Work item
Pictures aside, every line of the listing should be given again exactly.

Given information
.....

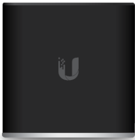
airCube ISP Access Point
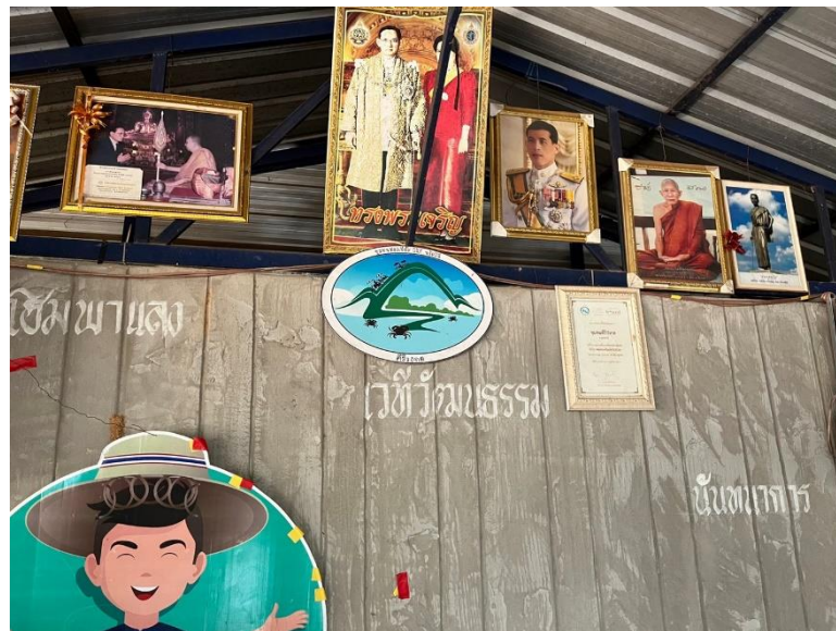
The original image of the community

According to the survey of Khiri Wongkot village, Na Yung district, Udon Thani province. It was found that the identity of the community is ecotourism, new tourism and animal resources. In the past, the community picked up various elements to use as a symbol as the below picture.
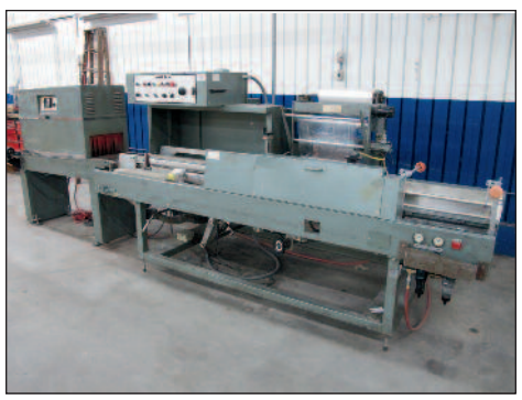
Weldotron L-Seal Packaging Machine Model 9511F

.....

Solved problem
airCube ISP Access Point
The original image of the community

According to the survey of Khiri Wongkot village, Na Yung district, Udon Thani province. It was found that the identity of the community is ecotourism, new tourism and animal resources. In the past, the community picked up various elements to use as a symbol as the below picture.
Weldotron L-Seal Packaging Machine Model 9511F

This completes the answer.